I was given a homework question that reads:
A businesswoman in Philadelphia is preparing an itinerary for a visit to six major cities. The distance traveled, and hence the cost of the trip, will depend on the order in which she plans her route.
a) How many different itineraries (and trip costs) are possible?
b) If the businesswoman randomly selects one of the possible itineraries and Denver and San Francisco are two of the cities that she plans to visit, what is the probability that she will visit Denver before San Francisco
My reasoning:
There are 6! possibilities. there are 3! ways of re-arranging the 3 cities that are neither denver nor san francisco.
We can see the following patterns
$D_1,S,\_,\_,\_,\_$
$D_1,D_2,S,\_,\_,\_$
$D_1,D_2,D_3,S,\_,\_$
$D_1,D_2,D_3,D_4,S,\_$
$D_1,D_2,D_3,D_4,D_5,S$
Where $D_i$ represents a possible position for denver.

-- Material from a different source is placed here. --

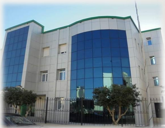
Mur rideau VEC

Que ça soit en VEC , capot-serrure , terre cuite ou ALUCOBAND ,

There are thus 1 combinations in teh first case, 2 in the second...
Giving us a total of 3!$(1+2+3+4+5)=90$ possibilities for travelling to denver before san francisco.
90/6!=0.125
My professor's answer
Denver - San Francisco - one of six cities) and (San Francisco - Denver - one of six cities); hence, the probability that she will visit Denver before San Fransico is 0.5.
Who is correct, and if I am wrong, why is my reasoning wrong?
There are $4$ cities that are neither Denver nor San Francisco. Your method works fine, but replacing $3!$ by $4!$ gives $4\cdot0.125=0.5$ as the correct solution, which is what your professor decided as well.